**EXERCISE AIM:** Each entry should be transcribed exactly as written, and any picture left out.

**TASK DATA:**
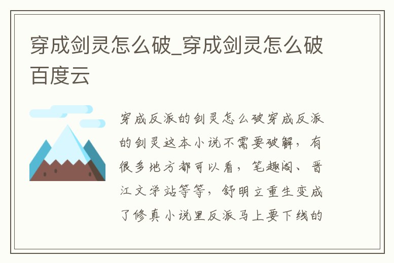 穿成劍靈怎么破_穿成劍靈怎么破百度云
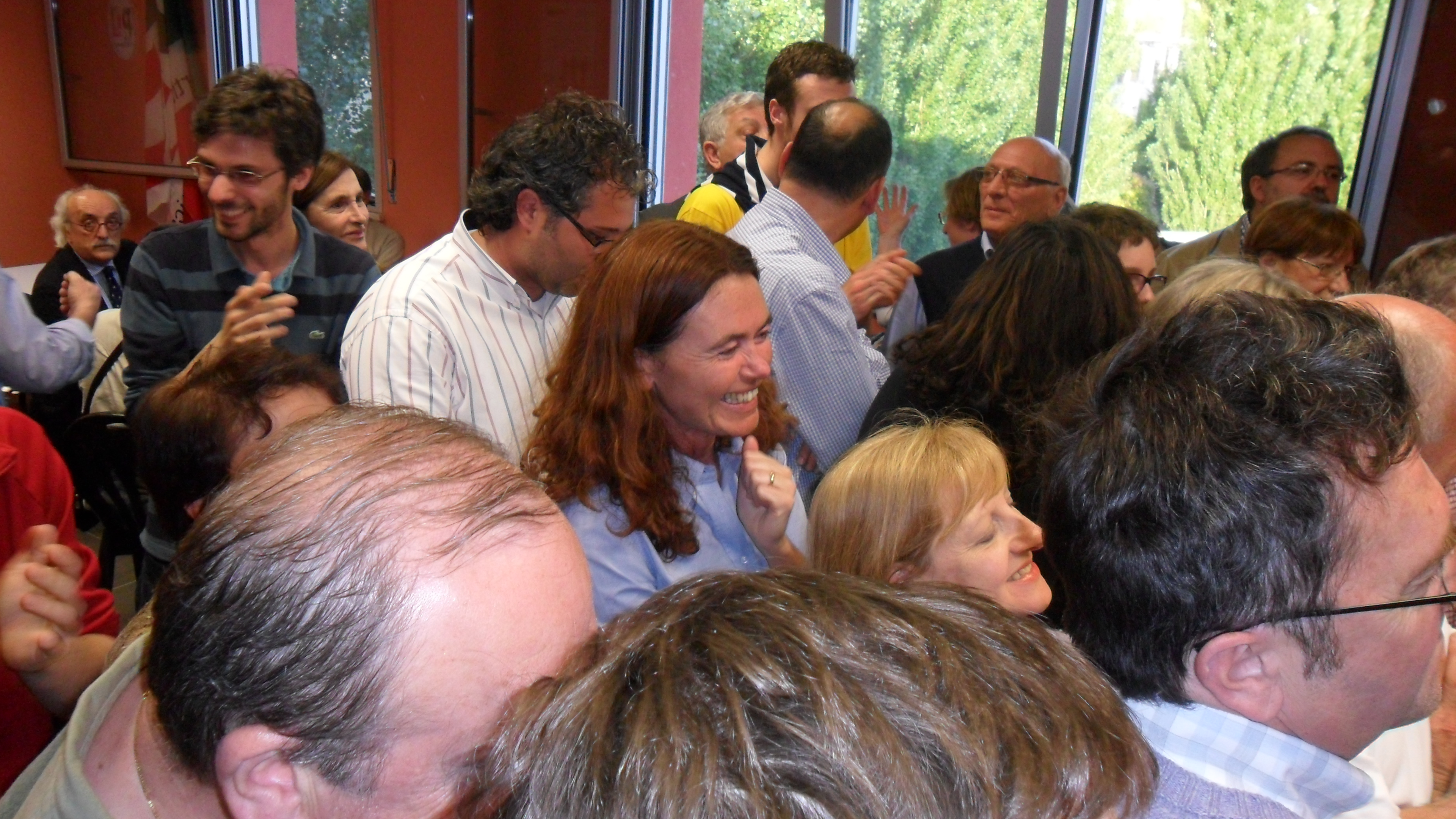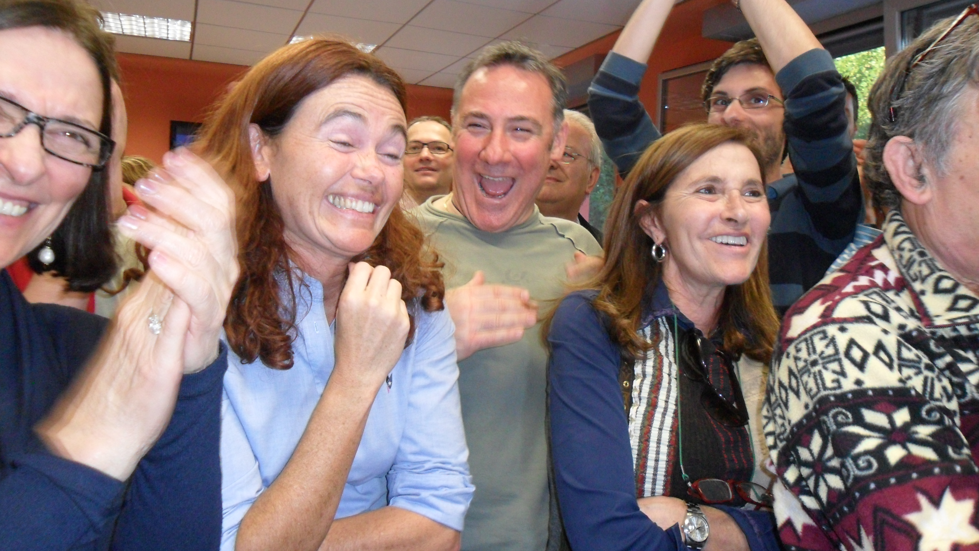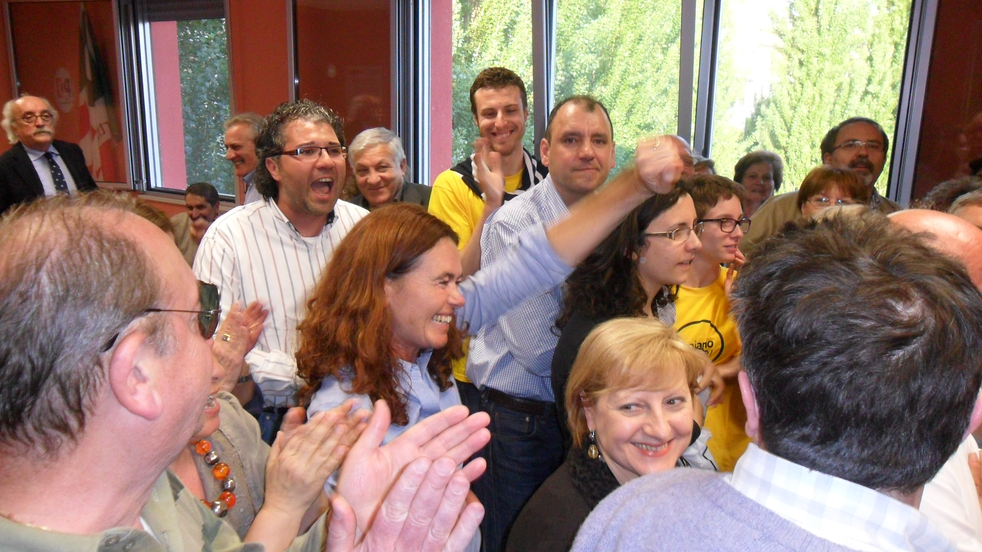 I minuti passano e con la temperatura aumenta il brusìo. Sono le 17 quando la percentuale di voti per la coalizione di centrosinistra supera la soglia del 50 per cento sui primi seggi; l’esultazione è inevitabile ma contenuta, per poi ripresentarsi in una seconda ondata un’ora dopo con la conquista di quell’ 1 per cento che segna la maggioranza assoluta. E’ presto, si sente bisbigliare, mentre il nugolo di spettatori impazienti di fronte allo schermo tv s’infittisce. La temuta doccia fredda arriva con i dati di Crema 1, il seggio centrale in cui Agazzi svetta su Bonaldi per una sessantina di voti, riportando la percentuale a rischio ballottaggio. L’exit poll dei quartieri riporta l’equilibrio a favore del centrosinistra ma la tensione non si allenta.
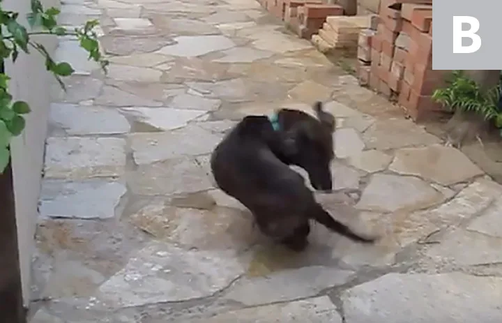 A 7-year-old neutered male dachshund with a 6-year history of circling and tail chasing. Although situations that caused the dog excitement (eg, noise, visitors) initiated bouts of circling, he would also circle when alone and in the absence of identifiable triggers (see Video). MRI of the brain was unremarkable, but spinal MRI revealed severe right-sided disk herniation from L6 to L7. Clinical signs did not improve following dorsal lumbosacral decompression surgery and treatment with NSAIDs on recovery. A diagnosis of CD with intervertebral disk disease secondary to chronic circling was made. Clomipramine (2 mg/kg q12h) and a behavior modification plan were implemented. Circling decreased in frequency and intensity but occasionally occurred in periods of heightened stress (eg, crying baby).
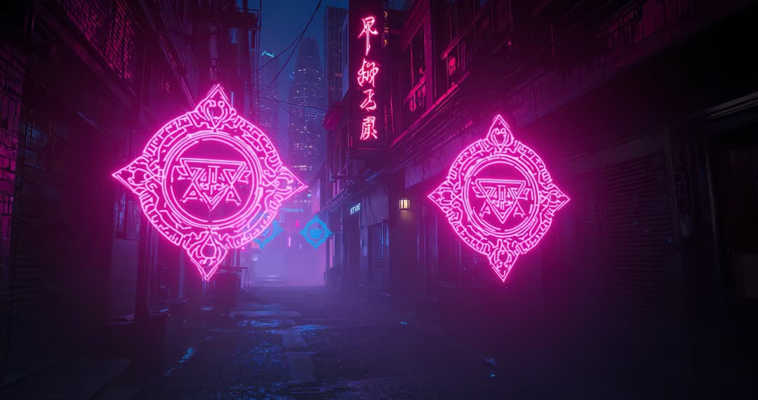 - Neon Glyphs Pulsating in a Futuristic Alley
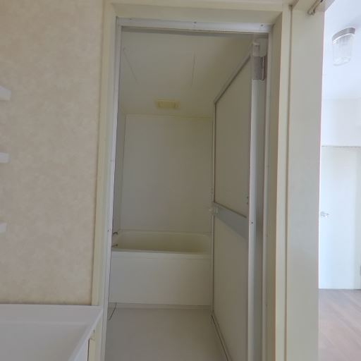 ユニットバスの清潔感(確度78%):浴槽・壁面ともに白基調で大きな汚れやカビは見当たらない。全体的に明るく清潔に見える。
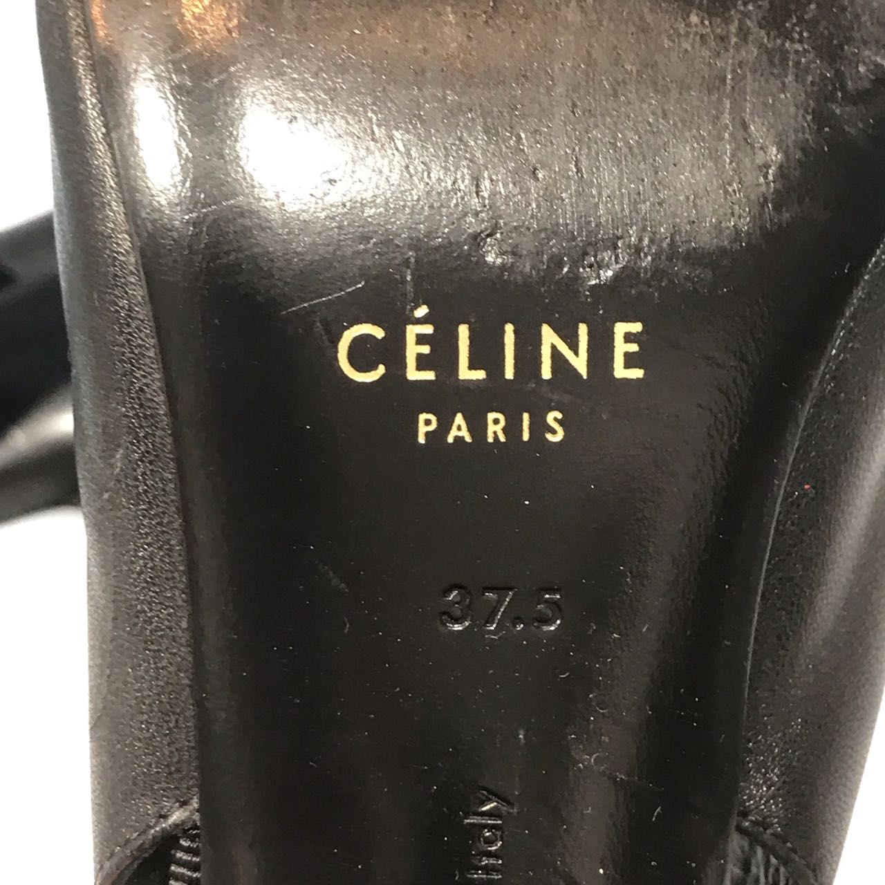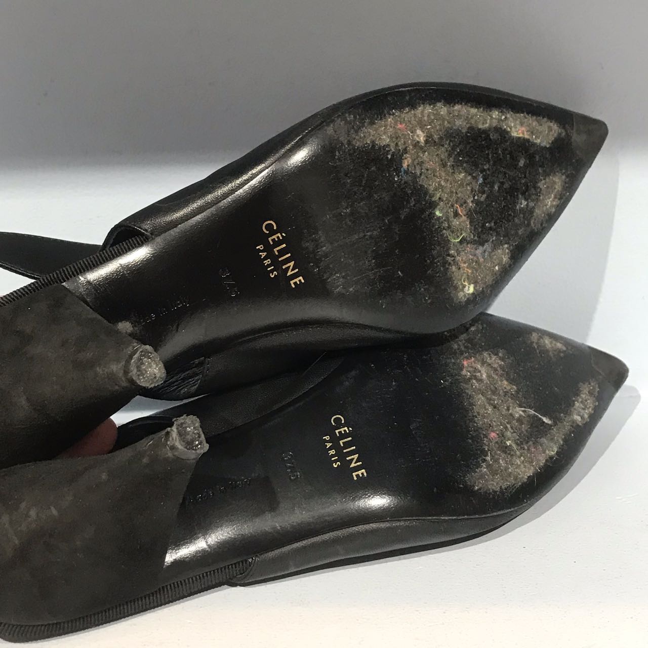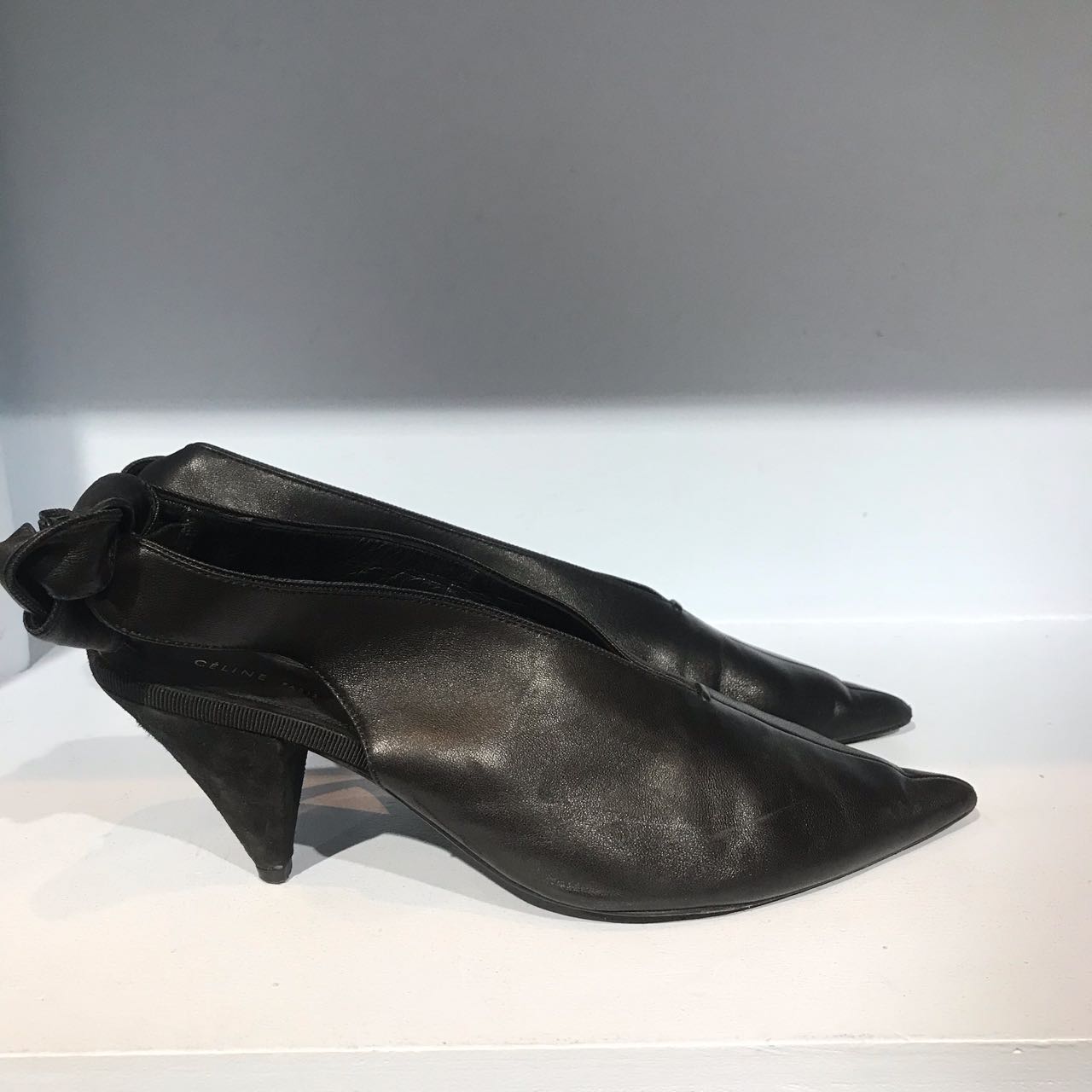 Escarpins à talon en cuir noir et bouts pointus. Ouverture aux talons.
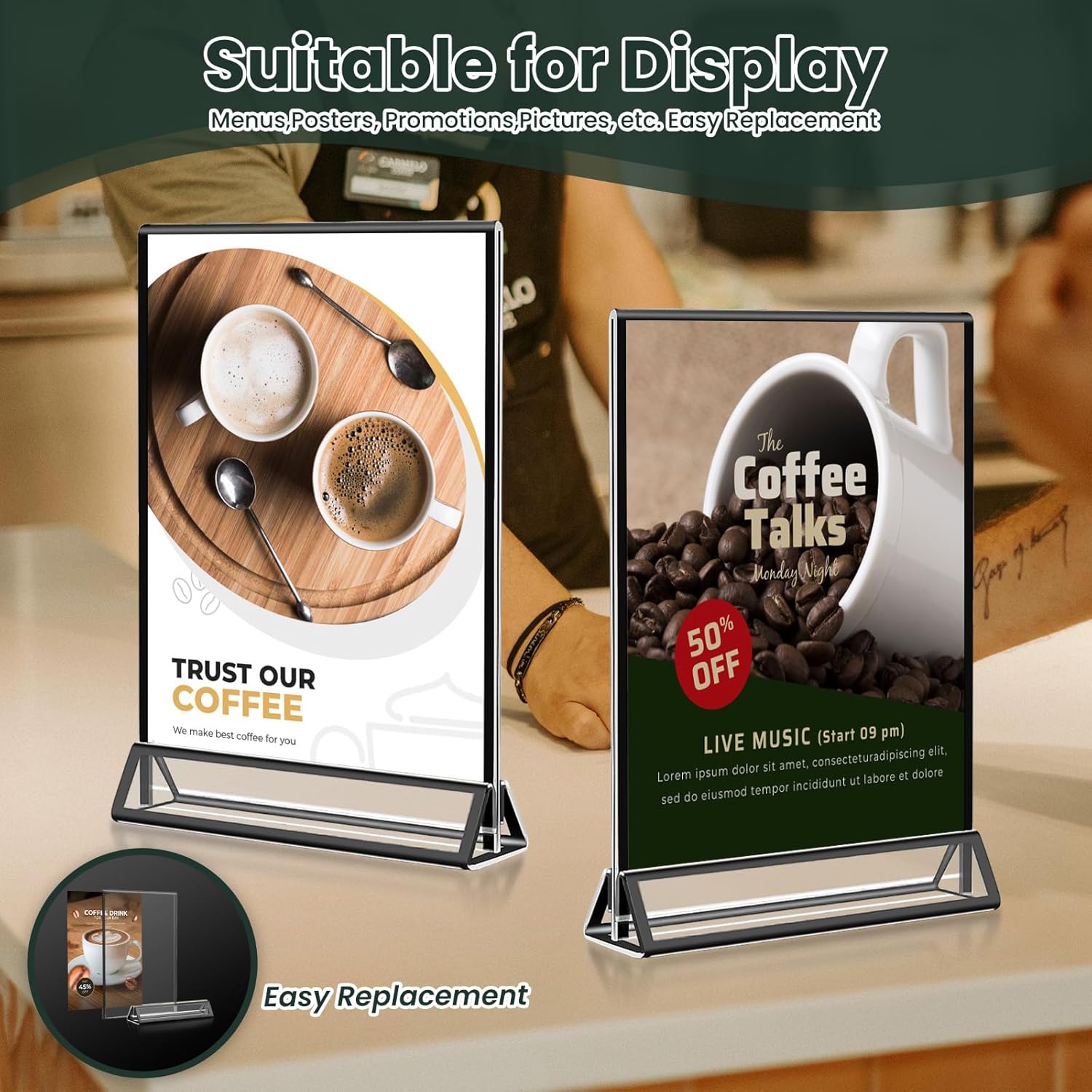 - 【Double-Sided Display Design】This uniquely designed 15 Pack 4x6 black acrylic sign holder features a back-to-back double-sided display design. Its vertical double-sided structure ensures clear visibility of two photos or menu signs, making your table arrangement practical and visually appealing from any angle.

**RESULT OF THIS TASK:**
 穿成劍靈怎么破_穿成劍靈怎么破百度云
 I minuti passano e con la temperatura aumenta il brusìo. Sono le 17 quando la percentuale di voti per la coalizione di centrosinistra supera la soglia del 50 per cento sui primi seggi; l’esultazione è inevitabile ma contenuta, per poi ripresentarsi in una seconda ondata un’ora dopo con la conquista di quell’ 1 per cento che segna la maggioranza assoluta. E’ presto, si sente bisbigliare, mentre il nugolo di spettatori impazienti di fronte allo schermo tv s’infittisce. La temuta doccia fredda arriva con i dati di Crema 1, il seggio centrale in cui Agazzi svetta su Bonaldi per una sessantina di voti, riportando la percentuale a rischio ballottaggio. L’exit poll dei quartieri riporta l’equilibrio a favore del centrosinistra ma la tensione non si allenta.
 A 7-year-old neutered male dachshund with a 6-year history of circling and tail chasing. Although situations that caused the dog excitement (eg, noise, visitors) initiated bouts of circling, he would also circle when alone and in the absence of identifiable triggers (see Video). MRI of the brain was unremarkable, but spinal MRI revealed severe right-sided disk herniation from L6 to L7. Clinical signs did not improve following dorsal lumbosacral decompression surgery and treatment with NSAIDs on recovery. A diagnosis of CD with intervertebral disk disease secondary to chronic circling was made. Clomipramine (2 mg/kg q12h) and a behavior modification plan were implemented. Circling decreased in frequency and intensity but occasionally occurred in periods of heightened stress (eg, crying baby).
 - Neon Glyphs Pulsating in a Futuristic Alley
 ユニットバスの清潔感(確度78%):浴槽・壁面ともに白基調で大きな汚れやカビは見当たらない。全体的に明るく清潔に見える。
 Escarpins à talon en cuir noir et bouts pointus. Ouverture aux talons.
 - 【Double-Sided Display Design】This uniquely designed 15 Pack 4x6 black acrylic sign holder features a back-to-back double-sided display design. Its vertical double-sided structure ensures clear visibility of two photos or menu signs, making your table arrangement practical and visually appealing from any angle.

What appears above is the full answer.